-- THE TASK --
Once the line holding "Hi-Tie Orange Red" is found in the entries below, transcribe exactly every line up to and including the one holding "Flowers with Asian", but leave out the pictures.

** DATA SUPPLIED follows **

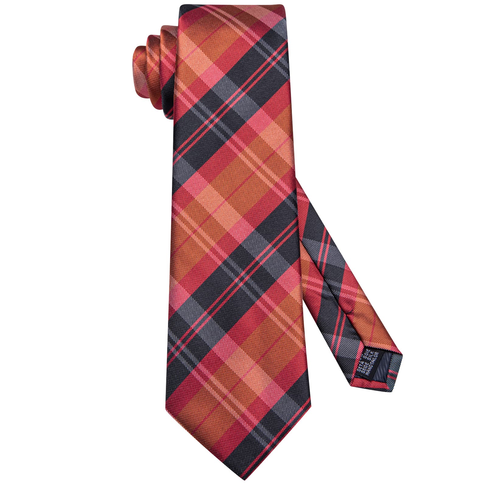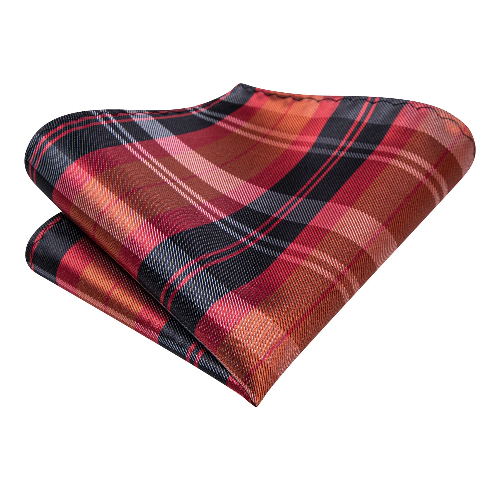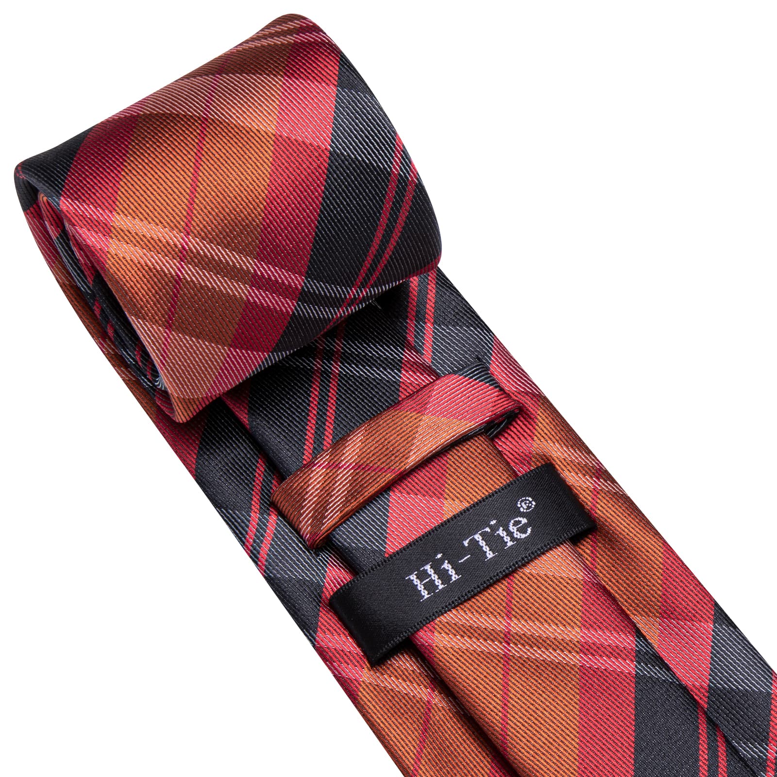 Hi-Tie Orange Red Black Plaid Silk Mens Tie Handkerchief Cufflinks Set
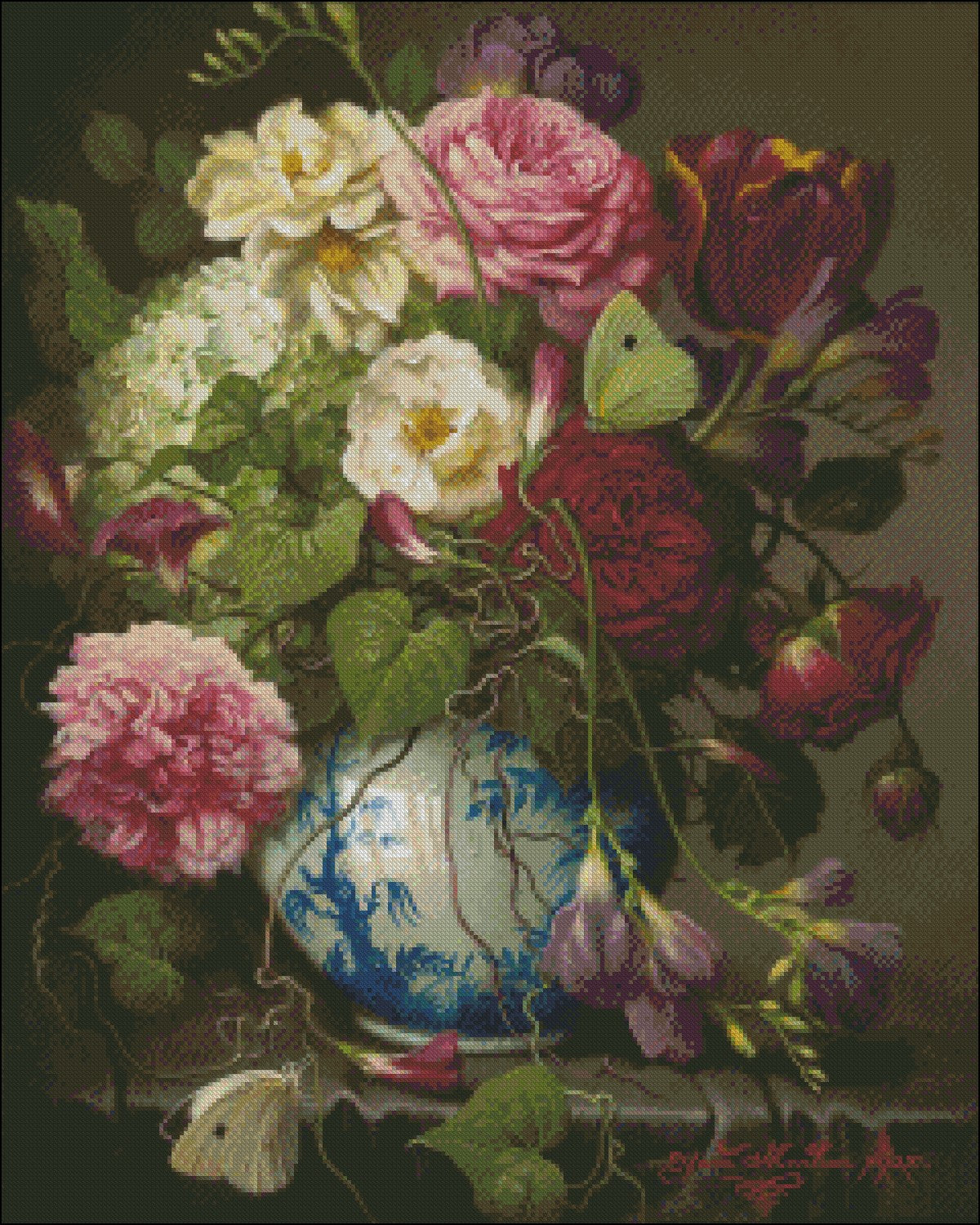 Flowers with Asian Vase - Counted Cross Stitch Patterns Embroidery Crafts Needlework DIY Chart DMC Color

** End of DATA SUPPLIED **
** DATA SUPPLIED follows **

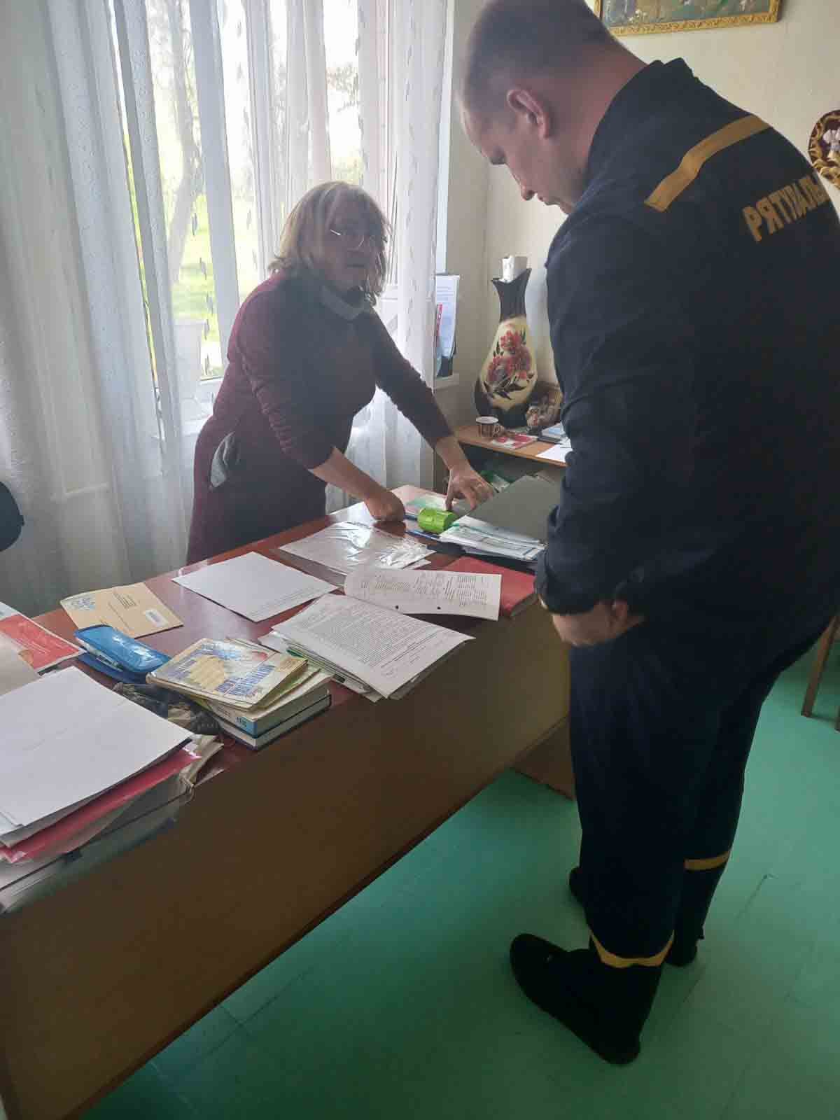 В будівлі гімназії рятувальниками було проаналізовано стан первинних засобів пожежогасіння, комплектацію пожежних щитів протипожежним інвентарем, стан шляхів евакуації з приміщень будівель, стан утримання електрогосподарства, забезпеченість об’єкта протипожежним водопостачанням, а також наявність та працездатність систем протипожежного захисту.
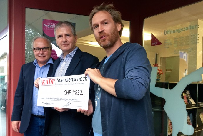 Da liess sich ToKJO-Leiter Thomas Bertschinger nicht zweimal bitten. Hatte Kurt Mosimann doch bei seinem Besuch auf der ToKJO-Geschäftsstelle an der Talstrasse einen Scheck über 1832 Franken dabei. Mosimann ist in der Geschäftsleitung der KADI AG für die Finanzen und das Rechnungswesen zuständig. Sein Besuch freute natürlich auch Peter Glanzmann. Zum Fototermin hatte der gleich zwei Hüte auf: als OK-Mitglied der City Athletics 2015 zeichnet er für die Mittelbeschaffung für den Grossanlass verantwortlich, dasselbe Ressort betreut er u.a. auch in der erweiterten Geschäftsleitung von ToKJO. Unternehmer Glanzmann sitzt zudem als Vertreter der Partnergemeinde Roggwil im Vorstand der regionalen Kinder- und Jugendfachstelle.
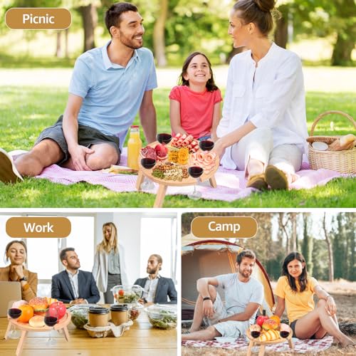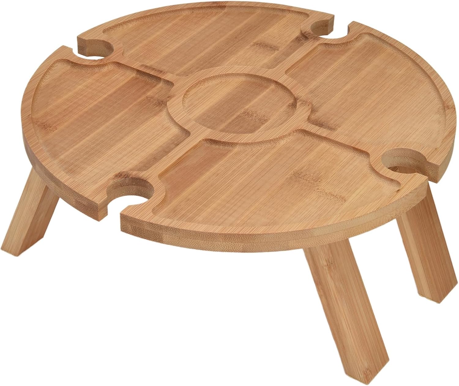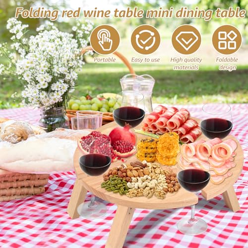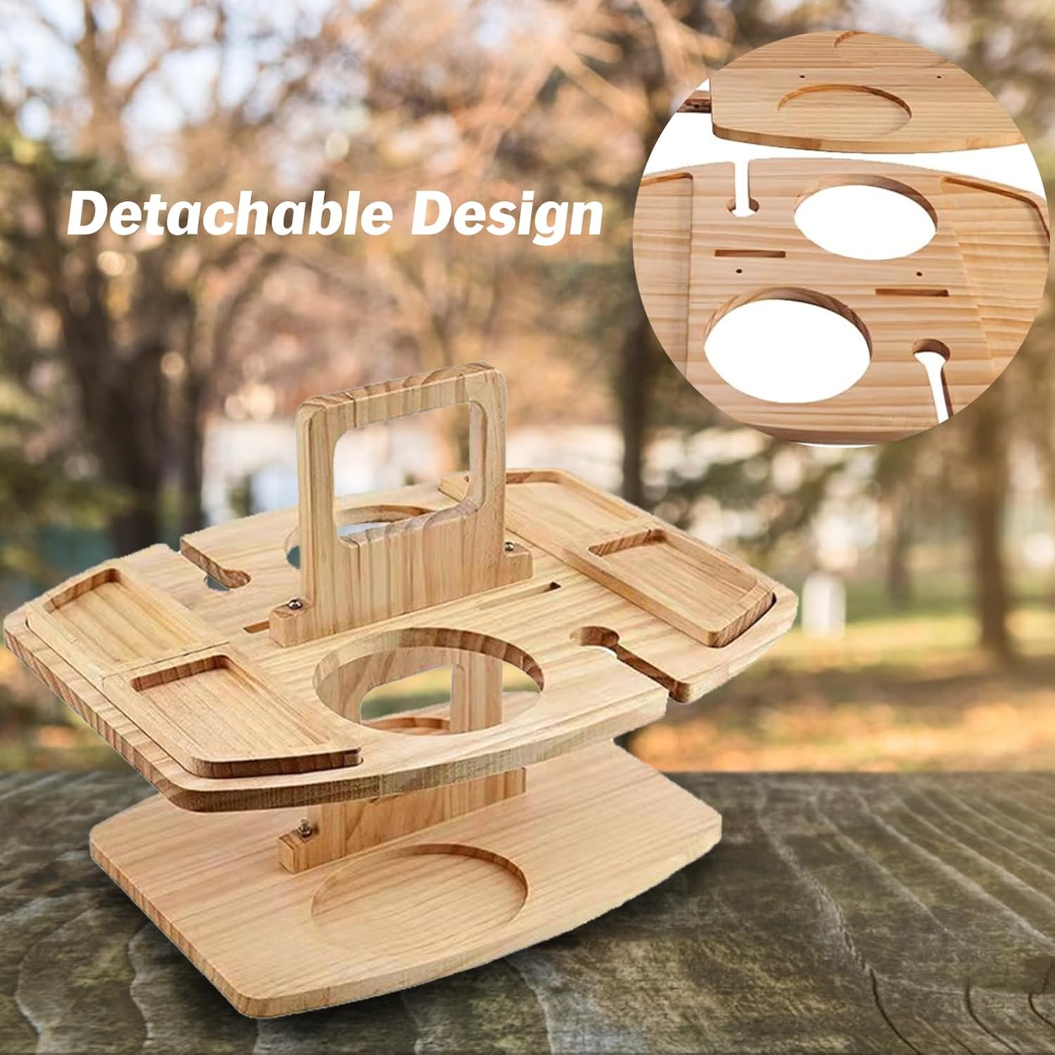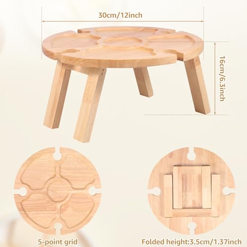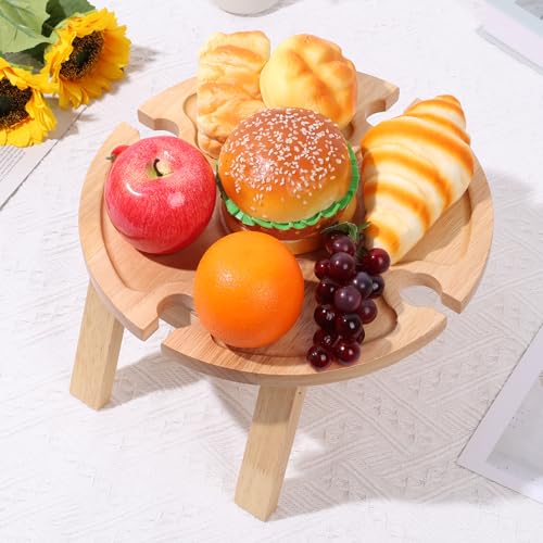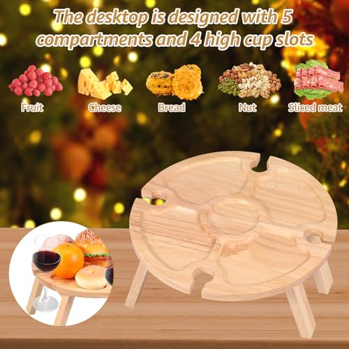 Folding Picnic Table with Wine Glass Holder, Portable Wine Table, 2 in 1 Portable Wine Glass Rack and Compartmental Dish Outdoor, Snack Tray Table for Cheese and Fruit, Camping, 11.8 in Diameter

** End of DATA SUPPLIED **

-- FINISHED EXERCISE --
 Hi-Tie Orange Red Black Plaid Silk Mens Tie Handkerchief Cufflinks Set
 Flowers with Asian Vase - Counted Cross Stitch Patterns Embroidery Crafts Needlework DIY Chart DMC Color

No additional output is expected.